Reputation: 3
I'm trying to get a count of 'visit' records created by joining values from 3 tables. I have a simple query below but it takes almost 30 min on the db. Is there a way to optimize this query any further?
select a."ClientID" as ClientID, b."ProviderID" as ProviderID, count(1) as VisitCount
from "Log" c
inner join "MessageDetail" b on c."MessageDetailID" = b."MessageDetailID"
inner join "Message" a on a."MessageID" = b."MessageID"
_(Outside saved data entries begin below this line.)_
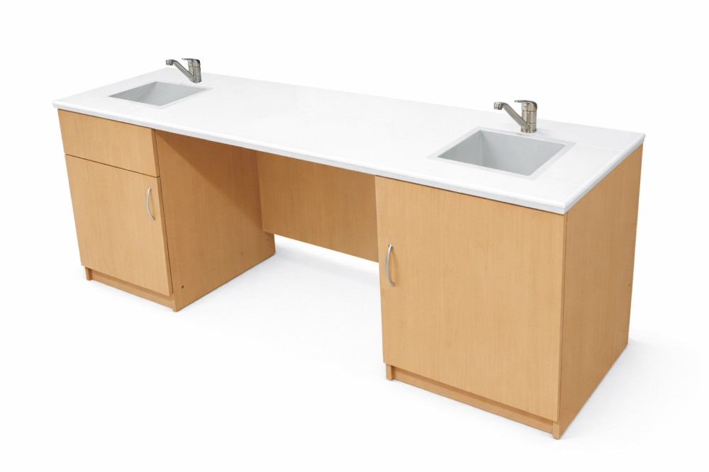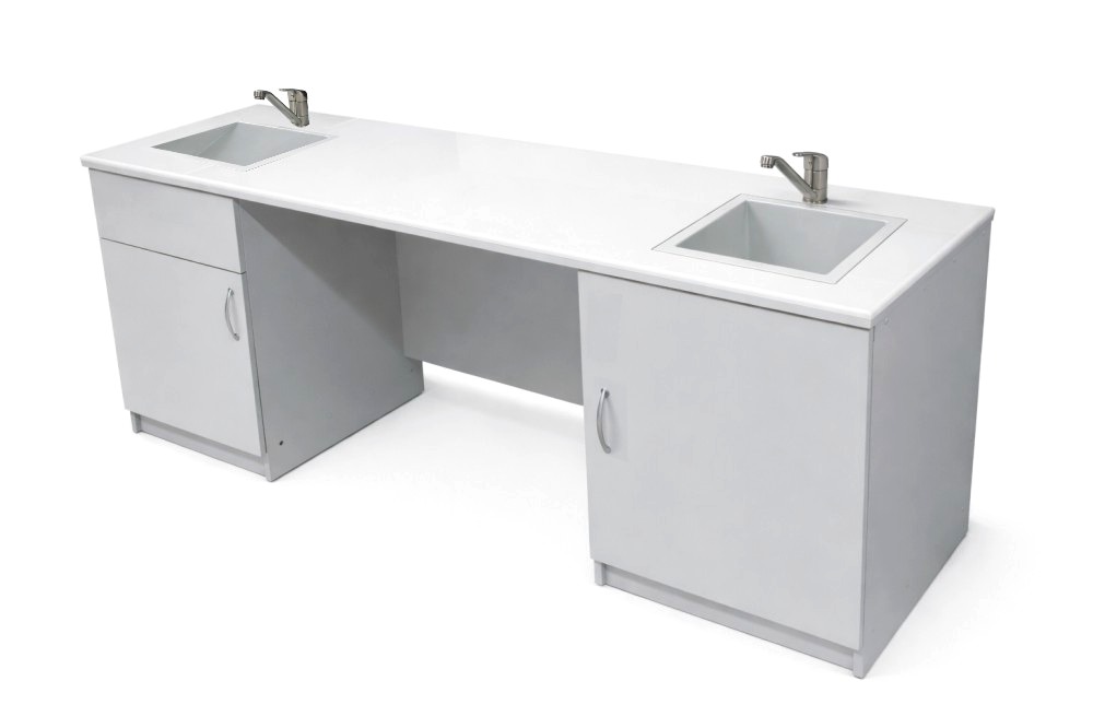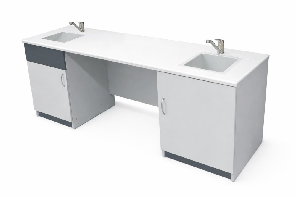 Stolik laboratoryjny podwójny dwukomorowy maksi 195 wykonany na konstrukcji płyty laminowanej 18mm, wyposażony w blat pokryty litą ceramiką techniczną, szufladę, dwoje drzwiczek, dwa duże zlewy polipropylenowe 30x30 cm. Stolik dostępny w kolorach biały, popiel, buk, modern. Dodatkowe kolory na specjalne zamówienie. Wolna przestrzeń między szafkami : 800 mm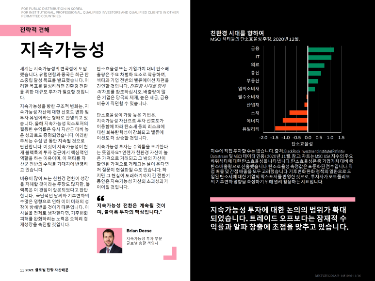 지속가능성을향한 구조적변화는, 지속가능성자산에대한 선호도변화 및투자 유입이라는형태로 반영되고있습니다. 올해 지속가능성익스포저의월등한수익률은유사 자산군대비 높은 성과로도증명되었습니다. 이러한추세는수십 년 동안지속될 것으로판단합니다. 이것이 지속가능성이현재 블랙록의투자 접근에서핵심적인역할을하는 이유이며, 이 팩터를 자산군 전반의수익률 기대치에반영하고 있습니다.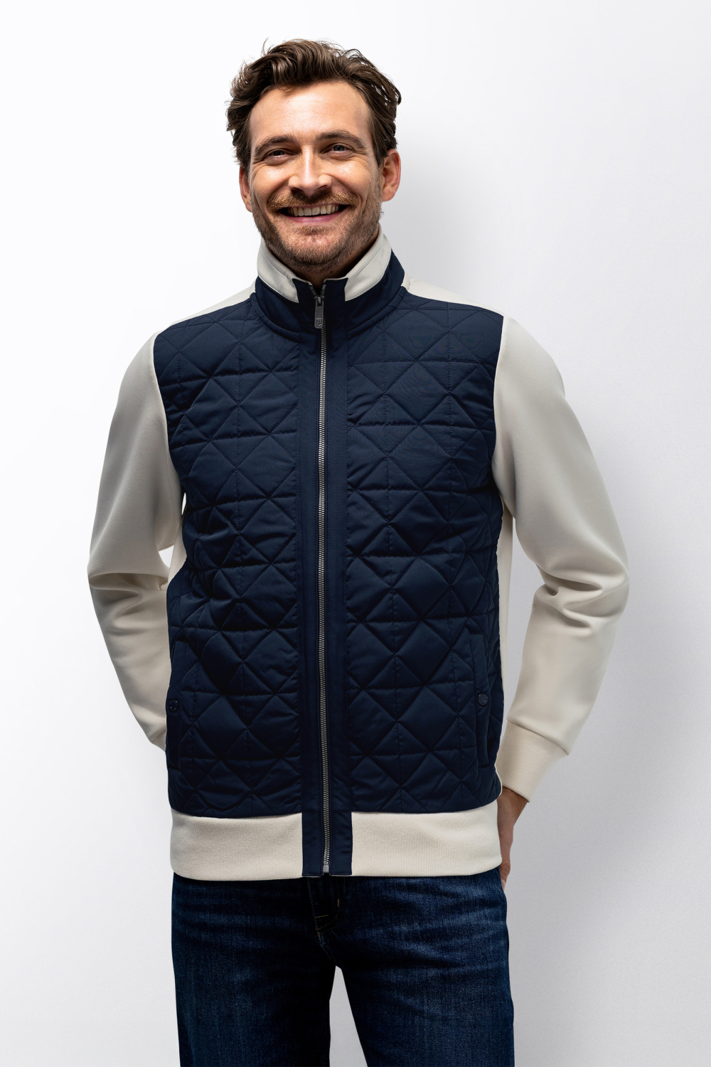 Deze comfortabele navy vest van State of Art is een veelzijdige keuze voor je garderobe. Met zijn regular fit pasvorm en structuurpatroon straalt het een casual, moderne stijl uit die ideaal is voor de lente. Het vest is gemaakt van een hoogwaardige mix van 80% katoen, 15% polyester en 5% elastan, waardoor het zowel zacht als flexibel aanvoelt. De high neck biedt extra bescherming tegen de kou, terwijl de praktische rits en steekzakken zorgen voor functionaliteit en een relaxte uitstraling. Dankzij de lange mouwen en de normale lengte is dit vest perfect te combineren met een jeans voor een casual day out, of over een shirt voor extra warmte tijdens een frisse lenteochtend. De subtiele details, zoals de stijlvolle rits en de functionele zakken, maken het een veelzijdig kledingstuk dat gemakkelijk in je dagelijkse outfits past. Of je nu onderweg bent naar een informeel samenzijn of een koelere avondwandeling maakt, dit vest voegt een praktische en stijlvolle laag toe aan je outfit.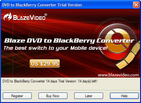 1. Launch BlazeVideo DVD to BlackBerry Converter to show the register dialog box.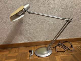 Flexo articulado con doble base, permitiendo su uso tanto en mesa como con pie. - Base para mesa. - Base con pie.

where a."CreatedUTCDate" >= NOW() - INTERVAL '1 HOUR'
group by a."ClientID", b."ProviderID"
Example Result
ClientID ProviderID VisitCount
3245cf64-test-4d05-9d5d-345653566455 677777 1
3245cf64-test-4d05-9d5d-345653566455 677777 1
0284a326-test-4757-b00e-34563465dfgg 9999 5
Explain plan
GroupAggregate (cost=6529150.62..6529160.28 rows=483 width=48)
Group Key: a."ClientID", b."ProviderID"
-> Sort (cost=6529150.62..6529151.83 rows=483 width=40)
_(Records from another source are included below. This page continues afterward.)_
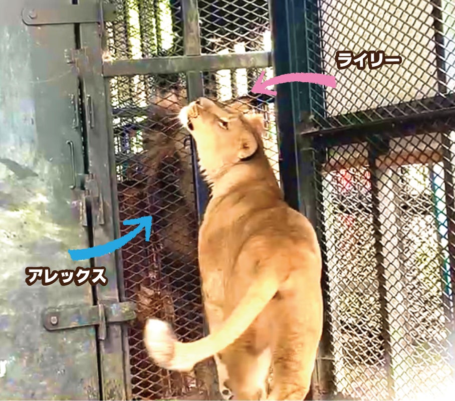 先日はアレックスとライリーが檻越しに、顔を擦り合わせていました。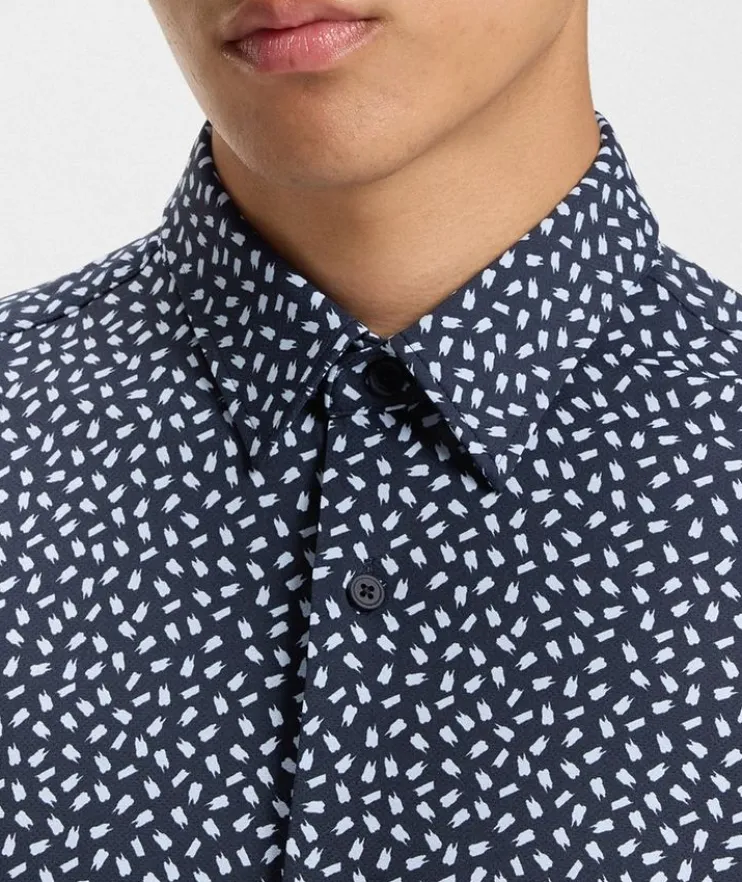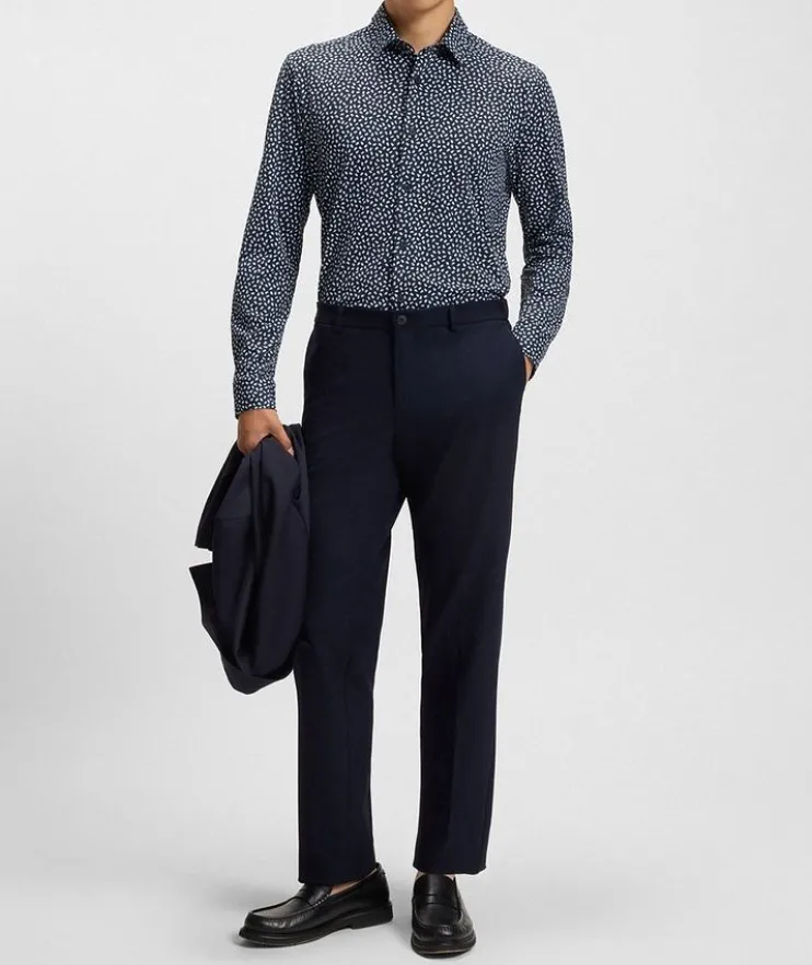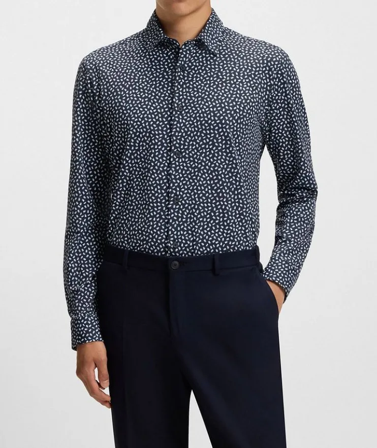 - Elevate your wardrobe with this exquisitely crafted slim-fit shirt featuring an abstract dot print that commands attention whilst providing remarkable comfort and flexibility. The performance-stretch fabric moves effortlessly with your body, ensuring you maintain a refined silhouette throughout your most distinguished engagements. Designed effective moisture management and excellent breathability, which keeps you fresh all day long.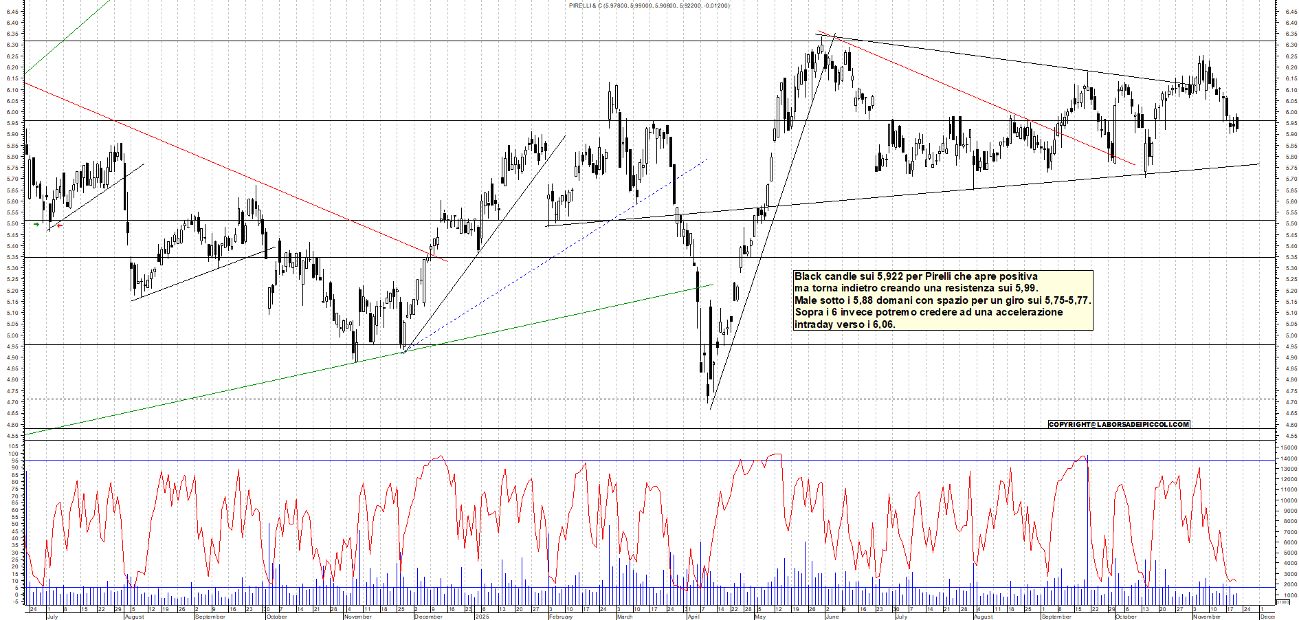 PIRELLI: Black candle sui 5,922 per Pirelli che apre positiva ma torna indietro creando una resistenza sui 5,99. Male sotto i 5,88 domani con spazio per un giro sui 5,75-5,77. Sopra i 6 invece potremo credere ad una accelerazione intraday verso i 6,06.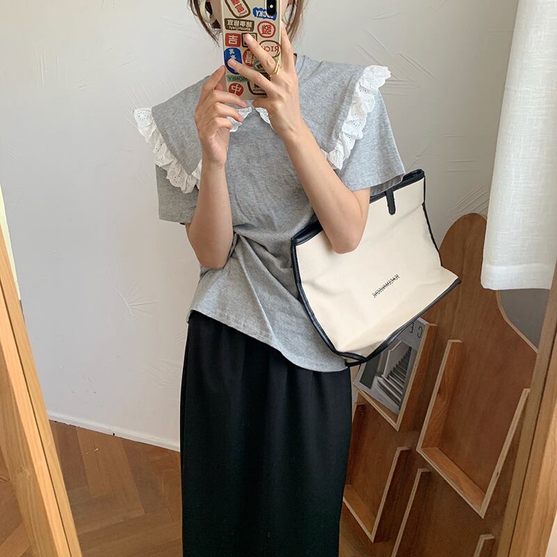 ソリッド カラーTシャツ シャツ レディースサマーカジュアルバック レッド 刺繍 夏物 ソリッドカラー ステッチ ビッグFスモールZ韓国66763939910

Sort Key: a."ClientID", b."ProviderID"
-> Nested Loop (cost=1.00..6529129.09 rows=483 width=40)
-> Nested Loop (cost=0.56..6509867.54 rows=3924 width=48)
-> Seq Scan on "Message" a (cost=0.00..6274917.96 rows=3089 width=44)
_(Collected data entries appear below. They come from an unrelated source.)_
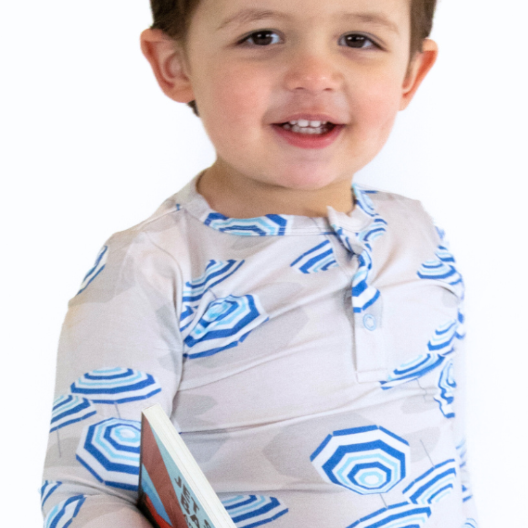 Upgrade your baby's sleepwear with our super soft bamboo zippered romper! Our Beach Club Navy Gray zippered romper is inspired by the iconic beach umbrellas of Capri, Italy with its iconic blue and white beach umbrella print. This color combination is perfect for a baby boy or the Italy/beach lover in your life! Our top selling baby shower and birthday gift, give the gift of a good night's sleep!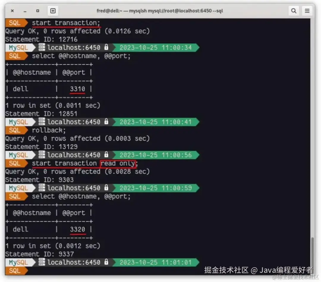我们可以看到,默认情况下,如果执行读操作,我们将访问到副本,但如果启动事务,我们将到达复制源(主),而无需更改端口并使用相同的连接。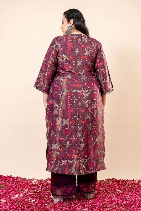 Wine kurta featuring intricate floral and geometric prints. Paired with matching wine pants for a coordinated look.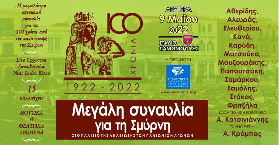 Τη μεγαλύτερη συναυλία της χρονιάς για τη Σμύρνη διοργανώνει ο Πολιτιστικός Οργανισμός Δήμου Νέας Σμύρνης, με αφορμή την επέτειο των 100 χρόνων από τη Μικρασιατική Καταστροφή.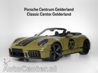 Aanvullende opties en accessoires Exterieur20-21-inch Sport Classic-wielen, gespoten in zwart en bronzite (59E)Olive Neo (T0T0)Porsche Entry (4F2)Electric folding exterior mirrors incl. courtesy lighting (6XV)Exterior mirrors on door waist rails, electrically adjustable and heatable, aspherical on driver's side (6XA)Lights, exterior (TXT18)Sportuitlaatsysteem zilver (0P5)Taillight strip with ‘PORSCHE’ lettering (8VG)voorspoiler InfotainmentBurmester® High-End SurroundSound-System (9VJ)Smartphone integration (9WT)Digital radio (QV3)Displays (TXT23)Porsche Communication Management (PCM) (TXT14)Smartphone compartment with wireless charging (9ZE)USB-C fast charging (UI2)WiFi voorbereiding Interieur & ComfortAdaptieve sportstoelen Plus, elektrisch 18-voudig met geheugenpakket (Q1J)Stuurbekrachtiging Plus (1N3)8-speed Porsche Doppelkupplung (PDK) (G1F)Cabrio (K8K)Comfort systems (TXT12)GT-sports steering wheel in smooth-finish leather black (1MI)Hood (3FN)Hood lining in black fabric (6NZ)Interieurpakket lederen interieurkleur (7TM)lederen interieurdelenLight Design pakket (QQ2)Power steering (1N1)Reversing camera (KA2)Steering wheel with manual fore/aft and height adjustment (2C5)stopwatchstuurwiel multifunctioneel VeiligheidAirbags (4UF)automatische snelheids begrenzingBrakes (TXT03)Driver Awareness Detection (EM2)Lane keeping assist (6I3)Matrix LED koplampen (8IT)ParkAssist (front and rear) with visual and audible warning (7X2)passagiersairbagPorsche Torque Vectoring Plus (PTV Plus) (GH3)Sport Chrono Package incl. Porsche Track Precision App & tyre temperature display (8LH)Systems (TXT04)Traffic sign recognition (QR9)Tyre Pressure Monitoring System (TPM) (7K3)Warn and Brake Assist incl. Pedestrian protection (6K8) OverigBandenafdichtmiddel en elektrische luchtcompressor (1G8)Brandstoftank van 84 liter (0I2)Dashboard en portierbekleding leder (5HD)Decoratief graphic Spirit 70 (AUG)Dorpellijsten geborsteld aluminium zwart, met verlichting (VT9)Exclusive achterlichten (8VH)Getinte HD-Matrix led-koplampen (8JU)HomeLink® (garagedeur opener) (VC2)Instrument cluster Heritage Design (8PF)Interieur Spiegelpaneel leder (AVP)Ionisator (2V4)Lane Change Assist (7Y8)Limitatie Badge (APP)Motorafdekking titaniumgrijs gespoten (JL2)Opbergnet in de beenruimte (QE3)Pedalen in aluminium en voetsteun van aluminium (P19)Porsche Dynamic Chassis Control (PDCC) (1P7)Porsche InnoDrive inclusief adaptieve cruise control (bots herkenning en activatie, cruise control adaptief met Stop&Go, file assistent) (3V1)Rear-Axle Steering with sport setup (0N5)Remzadels zwart hoogglans (1LR)Sportstoel Plus achterzijde in leder met inleg gespoten (2TH)Stuurcode Spirit 70 (BSD)Surround View with Active Parking Support (FT3)Voorbereiding Porsche Dashcam (QK3)Zonnekleppen leder (5XH)Automatically dimming interior and exterior mirrors with integrated rain sensor (4L6)PASM Sport Suspension (1BV)Porsche Active Suspension Management (1BH)start/stop systeemstuurwiel verwarmd Bijzonderheden De Porsche 911 Spirit 70 Edition is een exclusieve, gelimiteerde uitvoering van de iconische Porsche 911. Het model werd ontwikkeld als eerbetoon aan de stijl en cultuur van de jaren 70 en maakt deel uit van Porsche’s zogenaamde Heritage Design-serie. Deze serie combineert moderne techniek met designelementen uit het verleden van het merk. De Spirit 70 Edition is ontworpen met duidelijke verwijzingen naar de sportwagens van Porsche uit de jaren zeventig en begin jaren tachtig. Een opvallend kenmerk is de speciale exterieurkleur Olive Neo, gecombineerd met retro-achtige strepen en historische Porsche-logo’s. Ook de velgen en verschillende details op de carrosserie zijn geïnspireerd op klassieke modellen uit die periode. In het interieur komt het retrothema nog sterker naar voren. De stoelen en bekleding bevatten het beroemde Pasha-patroon, een zwart-groen schaakachtig design dat in de jaren zeventig populair was in Porsche-modellen. Dit patroon geeft de auto een uitgesproken vintage uitstraling, terwijl de materialen en afwerking volledig modern zijn.240464 Sinds maart 2006 zijn wij exclusief Porsche dealer voor Gelderland. Ons bedrijf is centraal gelegen in Heteren aan de A50, te bereiken via de A12 en A15. Bij Porsche Centrum Gelderland vindt u een ruim aanbod van jongensdromen; van de eerste Porsche 356 tot aan het huidige model Porsche 911, Cayenne, Panamera, Cayman, Boxster, Macan en Taycan. Naast verkoop en onderhoud van de nieuwste modellen hebben wij ook een ruime ervaring op het gebied van klassiekers. Met de opening van het Porsche Classic Center Gelderland in 2015 hebben we een mijlpaal bereikt, het eerste officiële Classic Center ter wereld. In september 2025 hebben we de allereerste Porsche Exclusive Manufaktur showroom ter wereld geopend. In dit centrum voor maatwerk en exclusieve projecten staat alles in het teken van individualiteit, vakmanschap en liefde voor het detail. Hier kunnen klanten hun Porsche volledig naar eigen smaak laten samenstellen en unieke wensen realiseren. Een bijzondere mijlpaal voor het bedrijf en voor klanten. We bieden een totaalpakket van sales tot after sales. Voor schade en restauratie is de klant bij ons aan het juiste adres, hier hebben wij 2 divisies; 1. Reguliere Porsche schades 2. Restauratie van klassieke Porsches. Ook hebben we een eigen leasemaatschappij, Way2Drive. Onze haal –en brengservice door heel Nederland behoort tot onze faciliteiten. Ons team bestaat uit ruim 250 Porsche specialisten, ieder uniek op zijn of haar vakgebied. Specialisme en passie voor Porsches heeft meerdere malen geleid tot de titel ‘Excellente dealer’. 'Porsche Excellente dealer' betekent dat wij de meeste vakkennis en hoogste klanttevredenheid hebben op het gebied van zowel sales als after sales. Klanttevredenheid heeft de hoogste prioriteit bij zowel Porsche Centrum Gelderland als Porsche Classic Center Gelderland. Wij zijn 24/7u telefonisch bereikbaar op +31 (0)26 3560911 voor informatie en/of vragen. Alle mo

Filter: ("CreatedUTCDate" >= (now() - '01:00:00'::interval))
-> Index Scan using "ix_MessageDetail_MessageId" on "MessageDetail" b (cost=0.56..75.40 rows=66 width=20)
Index Cond: ("MessageID" = a."MessageID")
-> Index Only Scan using "ix_Log_MessageDetailId" on "Log" c (cost=0.43..4.90 rows=1 width=8)
Index Cond: ("MessageDetailID" = b."MessageDetailID")
Explain Analyze Plan
GroupAggregate (cost=6529127.35..6529137.01 rows=483 width=48) (actual time=791639.382..791661.555 rows=118 loops=1)
Group Key: a."ClientID", b."ProviderID"
-> Sort (cost=6529127.35..6529128.56 rows=483 width=40) (actual time=791639.373..791649.235 rows=64412 loops=1)
Sort Key: a."ClientID", b."ProviderID"
Sort Method: external merge Disk: 3400kB
-> Nested Loop (cost=1.00..6529105.82 rows=483 width=40) (actual time=25178.920..791410.769 rows=64412 loops=1)
-> Nested Loop (cost=0.56..6509844.55 rows=3924 width=48) (actual time=25178.874..790954.577 rows=65760 loops=1)
-> Seq Scan on "Message" a (cost=0.00..6274894.96 rows=3089 width=44) (actual time=25178.799..790477.178 rows=25121 loops=1)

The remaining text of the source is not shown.